China’s relationship with Google has been unstable for a long time, but the poor links between the two have intensified after the technology company said it no longer recognises Chinese certificates of trust on web pages.

Google said in an official security blog that the Chinese agency allowed Cairo-based MCS Holdings to issue unauthorised certificates for Google domains.

Chinese Internet regulator the China Internet Network Information Centre said in a statement that the decision not to recognise its certificates of trust is “unacceptable” and “unintelligible”, leading to all eyes being on Google to see what it does next.

Google is thought to be losing out on billions of dollars in advertising revenue as a result of the search engine being blocked in China. Privacy concerns originally led to Google pulling out of China in 2010.

The search market is growing rapidly in China but firewalls are keeping western companies such as Google out, intensifying the debate over internet security in the east. It is expected that search spending in China will exceed the US in the near future.

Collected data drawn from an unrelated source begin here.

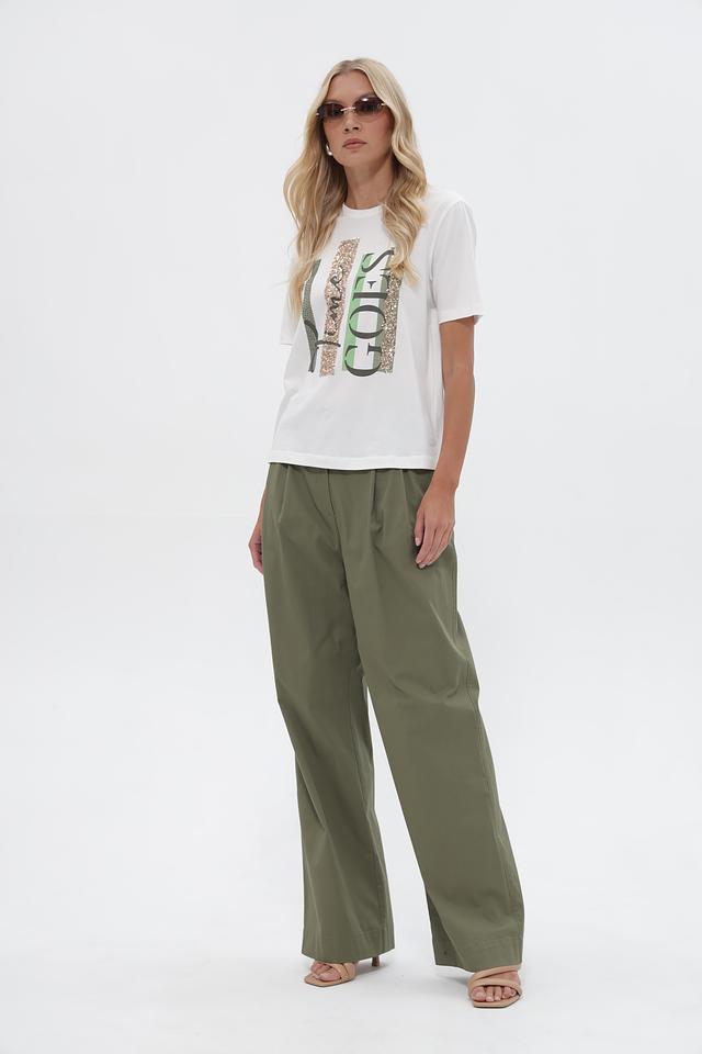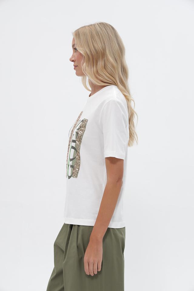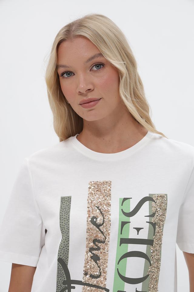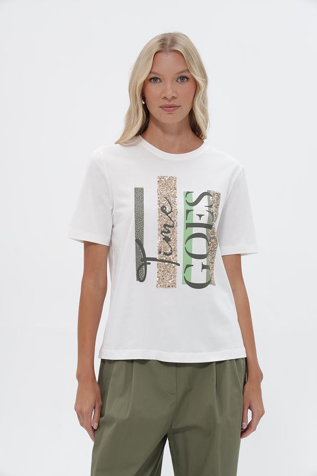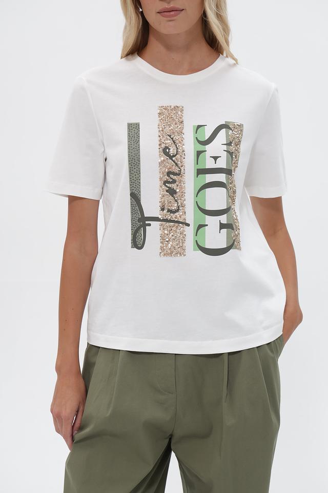 Особенность этой футболки – оригинальный принт, который добавляет образу индивидуальность. Надпись “time GOES” выполнена в сочетании золотистых и зеленых оттенков, что привлекает внимание.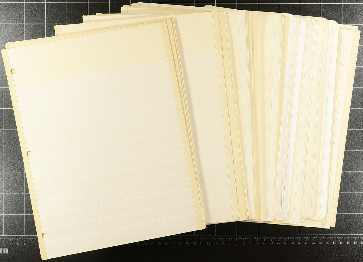 Manila Stocksheets. A small box containing 100 lightly / moderately used stocksheets. The standard 3-ring hole punch pages are ready to be given a binder and live another day. The "new" retail cost on these is over $150.00. A very cost-effective way to store your duplicates without having to pay retail for them. Estimate =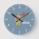Cute blue wall clock for a nursery or a kid's room featuring an elephant clown . Personalize it with the child's name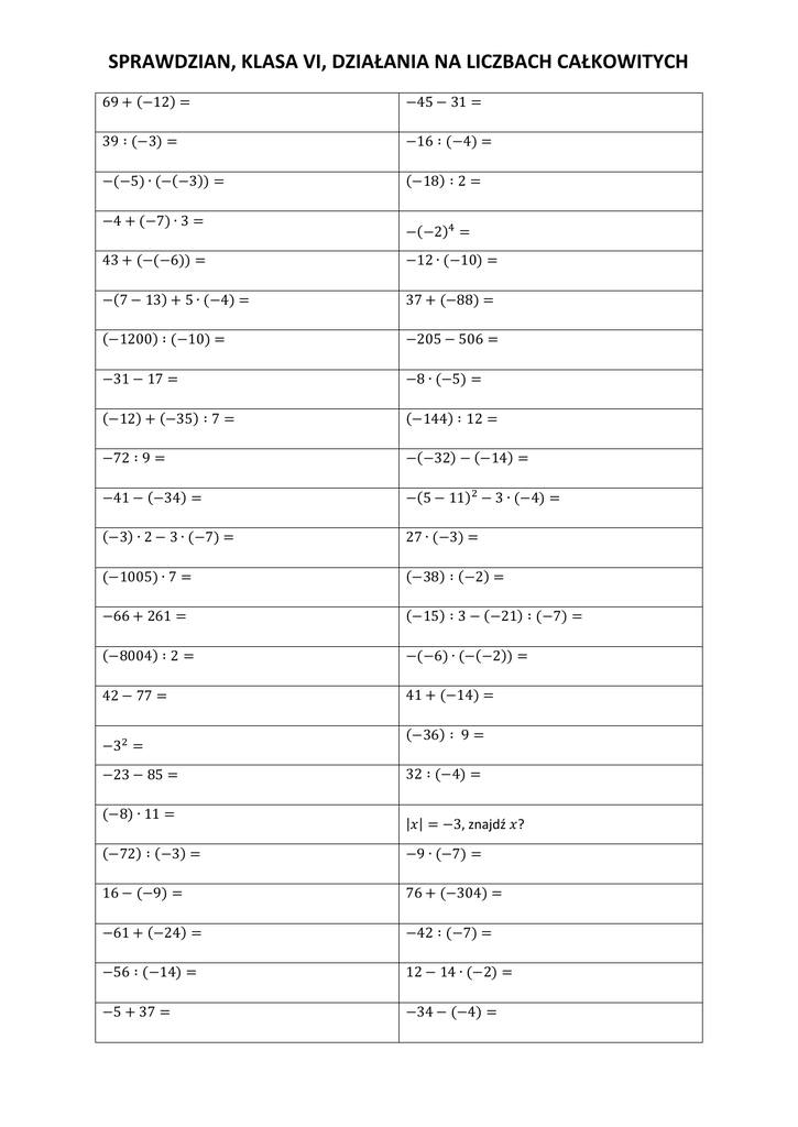 SPRAWDZIAN, KLASA VI, DZIAŁANIA NA LICZBACH CAŁKOWITYCH 69 + (−12) = −45 − 31 = 39 ∶ (−3) = −16 ∶ (−4) = −(−5) ∙ (−(−3)) = (−18) ∶ 2 = −4 + (−7) ∙ 3 = −(−2)4 = 43 + (−(−6)) = −12 ∙ (−10) = −(7 − 13) + 5 ∙ (−4) = 37 + (−88) = (−1200) ∶ (−10) = −205 − 506 = −31 − 17 = −8 ∙ (−5) = (−12) + (−35) ∶ 7 = (−144) ∶ 12 = −72 ∶ 9 = −(−32) − (−14) = −41 − (−34) = −(5 − 11)2 − 3 ∙ (−4) = (−3) ∙ 2 − 3 ∙ (−7) = 27 ∙ (−3) = (−1005) ∙ 7 = (−38) ∶ (−2) = −66 + 261 = (−15) ∶ 3 − (−21) ∶ (−7) = (−8004) ∶ 2 = −(−6) ∙ (−(−2)) = 42 − 77 = 41 + (−14) = −32 = −23 − 85 = (−8) ∙ 11 = (−36) ∶ 9 = 32 ∶ (−4) = |𝑥| = −3, znajdź 𝑥? (−72) ∶ (−3) = −9 ∙ (−7) = 16 − (−9) = 76 + (−304) = −61 + (−24) = −42 ∶ (−7) = −56 ∶ (−14) = 12 − 14 ∙ (−2) = −5 + 37 = −34 − (−4) = −31 + (−6) = (−11) + 19 = −41 ∙ (−2) = 41 − 69 = −(−12) + 18 = 28 ∶ (−(−4)) = (−35) ∶ 7 = 79 − (−19) = |1234| = (−10) ∙ (−10) = 63 ∙ (−3) = (−72) ∶ (−8) = (−16) ∙ 2 = −61 + 342 = (−12) − 15 = (−7) ∙ (−8) = 6 ∶ (−1) = −(−21) + (−21) = −305 + 606 = −143 ∶ (−13) = 29 − (−(−5)) = 13 ∙ (−(−4)) = (−34) ∙ 3 = −81 − (−22) = |−11| = −54 ∶ (−2) = 65 − 113 = −10 + (−10) ∙ 5 = 22 + (−9) = −56 − 285 = 23 ∙ (−5) = |𝑥| = 2, znajdź 𝑥? −17 − (−10) ∙ (−3) = 90 ∶ (−3) = −97 + 41 = −24 − 67 = (−45) ∶ (−3) − 24 ∶ (−8) = 4 ∙ (−7) = −42 + 49 = −7 − 27 = |𝑥 − 2| = 5, znajdź 𝑥? (−38) ∙ (−2) = 61 − 342 = −7 − (−7) ∙ (−15) ∙ 0 ∙ (−13) + (−21) = −(−17) + 13 = −57 ∙ 2 = −7 ∙ (−7) = −37 + 23 = −|15| = (−7)2 = −27 + 57 = −71 − (−52) = SPRAWDZIAN, KLASA VI, DZIAŁANIA NA LICZBACH CAŁKOWITYCH −54 ∶ (−2) = −305 + 606 = (−35) ∶ 7 = −7 − 27 = (−34) ∙ 3 = −(−17) + 13 = |1234| = −41 ∙ (−2) = −71 − (−52) = −37 + 23 = (−7) ∙ (−8) = −24 − 67 = −7 ∙ (−7) = −27 + 57 = −143 ∶ (−13) = −17 − (−10) ∙ (−3) = 29 − (−(−5)) = −31 + (−6) = −(−21) + (−21) = −42 + 49 = (−38) ∙ (−2) = −56 − 285 = 61 − 342 = −57 ∙ 2 = (−12) − 15 = 65 − 113 = |𝑥| = 2, znajdź 𝑥? 22 + (−9) = 28 ∶ (−(−4)) = 23 ∙ (−5) = (−11) + 19 = −10 + (−10) ∙ 5 = −97 + 41 = |𝑥 − 2| = 5, znajdź 𝑥? 90 ∶ (−3) = −|15| = −7 − (−7) ∙ (−15) ∙ 0 ∙ (−13) + (−21) = 6 ∶ (−1) = −61 + 342 = −81 − (−22) = −(−12) + 18 = 79 − (−19) = (−72) ∶ (−8) = (−45) ∶ (−3) − 24 ∶ (−8) = 63 ∙ (−3) = |−11| = (−16) ∙ 2 = (−7)2 = −(−2)4 = (−36) ∶ 9 = (−18) ∶ 2 = −31 − 17 = −32 = |𝑥| = −3, znajdź 𝑥? (−8004) ∶ 2 = (−12) + (−35) ∶ 7 = −(−32) − (−14) = −41 − (−34) = 4 ∙ (−7) = −16 ∶ (−4) = −(7 − 13) + 5 ∙ (−4) = −56 ∶ (−14) = (−72) ∶ (−3) = −23 − 85 = 16 − (−9) = −12 ∙ (−10) = 41 + (−14) = 37 + (−88) = 27 ∙ (−3) = −34 − (−4) = 32 ∶ (−4) = −8 ∙ (−5) = −66 + 261 = −(5 − 11)2 − 3 ∙ (−4) = 13 ∙ (−(−4)) = (−1005) ∙ 7 = 69 + (−12) = −4 + (−7) ∙ 3 = −205 − 506 = −61 + (−24) = −(−5) ∙ (−(−3)) = −9 ∙ (−7) = 76 + (−304) = −5 + 37 = (−38) ∶ (−2) = (−8) ∙ 11 = (−3) ∙ 2 − 3 ∙ (−7) = (−1200) ∶ (−10) = −72 ∶ 9 = −(−6) ∙ (−(−2)) = 41 − 69 = 42 − 77 = −45 − 31 = (−10) ∙ (−10) = (−15) ∶ 3 − (−21) ∶ (−7) = 39 ∶ (−3) = 12 − 14 ∙ (−2) = −42 ∶ (−7) = 43 + (−(−6)) = (−144) ∶ 12 =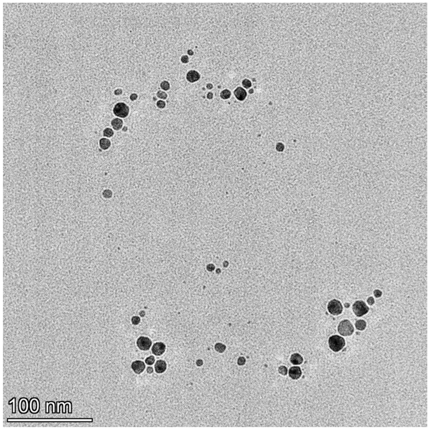 Drug-loaded AgNPs were synthesized according to previously reported methods [37]. Briefly, 1.25 g (0.007 mol) of fructose was dissolved in 25 mL of water and refluxed for 2 min; then, 0.63 mL of 0.01 M AgNO3 solution was added. MBH was added to the solution at a concentration of 1 mg/mL. After roughly 5 min of reflux, the solution’s color changed to a light yellow, signifying the formation of AgNPs. The synthesized AgNPs were characterized using different analytical techniques, such as UV-Vis, Transmission electron microscopy (TEM, Talos 1.15.3, Thermo Fisher Scientific, Waltham, MA, USA), dynamic light scattering (DLS, Brookhaven BI-200 goniometer, Brookhaven Instruments Corporation, Nashua, NH, USA), and the zeta potential (Brookhaven BI-200 goniometer, Brookhaven Instruments Corporation, Nashua, NH, USA). The TEM images confirmed the synthesis of smaller spherical particles up to 95 nm in size (Figure 2). The drug-loaded AgNPs were obtained with a controllable size due to carbohydrate assistance in the presence of [Ag(NH3)2]+ [55]. The carbohydrate coating also decreases the agglomeration rate and size [56].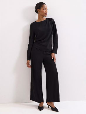 Versatile and effortless. Designed in black chiffon, our blouse features a rounded neckline with pleats, blouson sleeves and cuff wrist detailing. Dress up any of your separates for a dressed up look.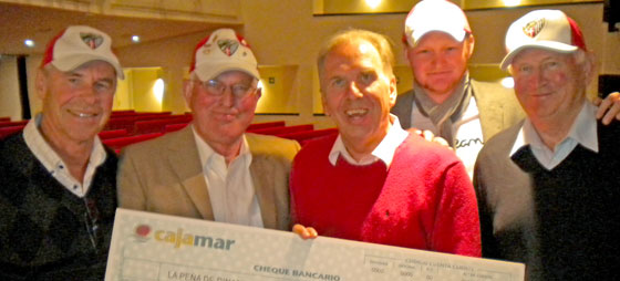 La Peña-medlemmerne John Jørgensen, Knud Nielsen, Allan Frank og Finn Stuer Lauridsen sammen med Jacob Haugaard med La Peña-checken til Cudeca.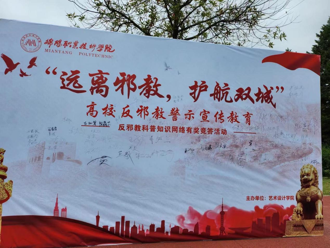 川渝高校反邪教警示宣传教育暨反邪教科普知识网络有奖竞答活动是中央政法委评定的反邪教警示宣传“一省一亮点”金国示范项目。根据项目实施方案,5月11日上午,艺术设计学院开展了以“远离邪教,护航双城”为主题的反邪教警示宣传教育签名活动。以此次活动为契机,防范邪教向高校渗透,提高师生对于邪教的识别能力,是贯彻落实党的二十大精神、推动成渝地区双城经济圈建设走深走实的重要工作,也是维护高校意识形态安全、保护师生身心健康的重要举措。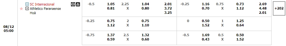 Bảng tỷ lệ kèo bóng đá trận đấu Internacional vs Athletico-PR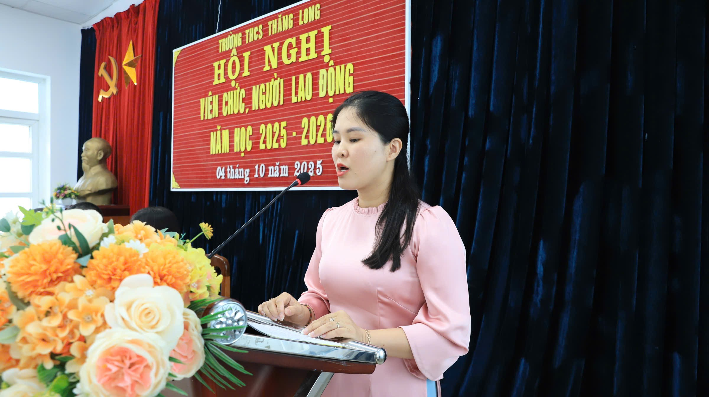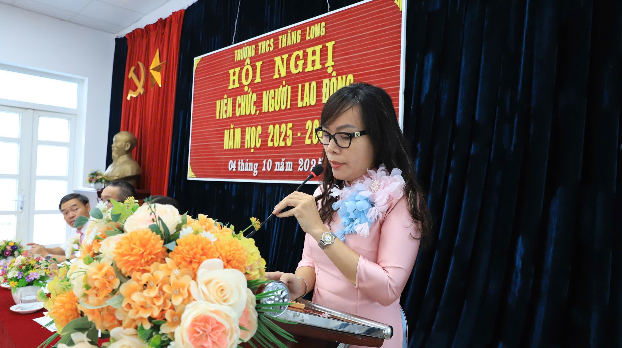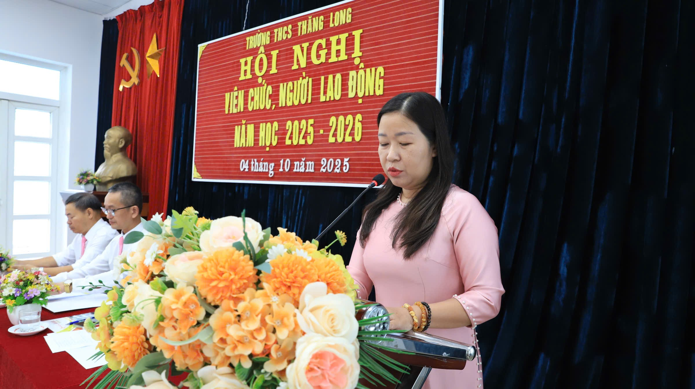 Hội nghị viên chức- người lao động năm học 2025- 2026 của trường THCS Thăng Long đã khép lại trong không khí đoàn kết, dân chủ, trách nhiệm và sự đồng thuận nhất trí cao từ tập thể cán bộ, giáo viên, nhân viên nhà trường. Với tinh thần đoàn kết, quyết tâm không ngừng nâng cao chất lượng dạy và học, tập thể cán bộ - giáo viên – nhân viên nhà trường quyết tâm thực hiện xuất sắc nhiệm vụ năm học 2025 – 2026 góp phần xây dựng một ngôi trường chất lượng- hiện đại- thân thiện, nơi chắp cánh ước mơ cho các thế hệ học sinh.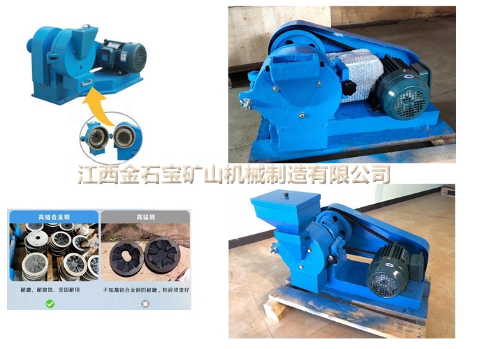 1、圆盘粉碎机由机体、底座、主轴、活动磨盘、固定磨盘、端盖及料斗等构成。电机启动后,经三角皮带将动力传给皮带轮,带动主轴旋转,并使活动磨盘固定磨盘相对运动产生挤压磋磨作用,从而使进入磨盘中间的物料被粉碎。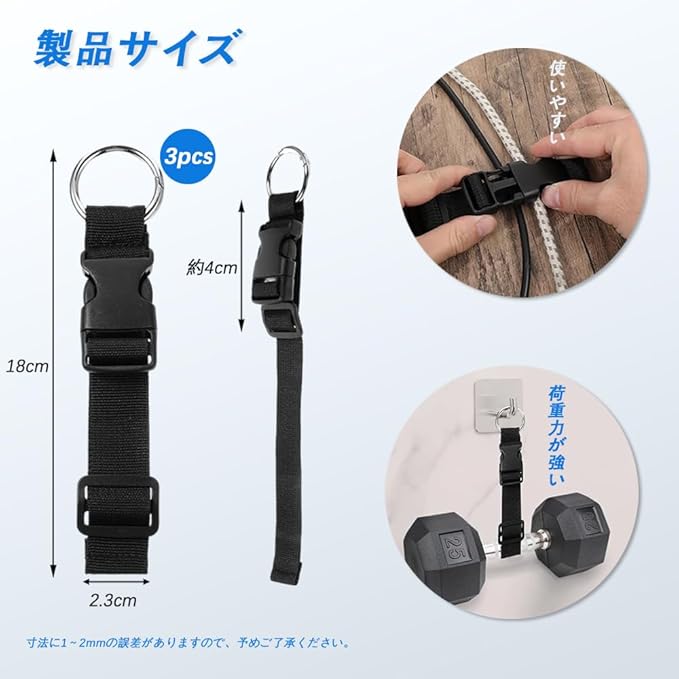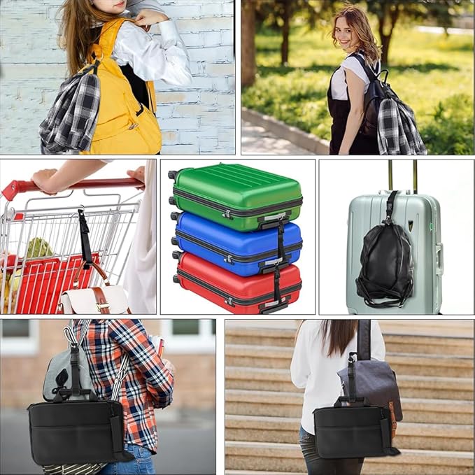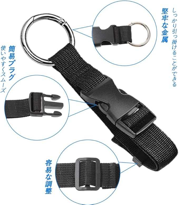 【使いやすい&収納しやすい】リングバックルをバッグベルトやスーツケースに取り付け、ワンタッチバックルを開き、物の厚さに合わせて長さを調節し、しっかりと留めるだけで、物を安定させ、両手を効果的に解放することができます。 【幅広い用途】出張、通勤、旅行、休日の外出など様々な場面で活躍できます。季節の変わり目には、脱いだジャケット、スーツ、ストール、マフラー、手袋、帽子などをバッグ、リュック、スーツケース、またはハンドバッグにかけて、気軽に持ち歩くことができます。

China and neighbours such as North Korea have long been accused of masterminding cyber attacks on major western companies, even though the countries deny any involvement.

Code-sharing website Github is one such company to have been a victim of an attack. With the site being a forum for software developers that also hosts tools that are employed by Chinese internet users to bypass censorship, the attack was particularly notable.

Greatfire.org monitors Chinese internet censorship and the organisation’s representative Charlie Smith said action on Chinese attacks has been needed for a year.

He told the Financial Times: “The Chinese authorities have maliciously been using their power as a certificate authority to launch dangerous attacks that compromise sensitive user information across many foreign media platforms.”

Adam Fisk of Getlantern.org, which offers tools to circumvent internet blocks in China, added that the attack on Github “probably made Google’s security team more prone to make this move, but just the fact that there were bogus intermediary certificates issues at all with CNNIC should be enough to warrant what Google did”.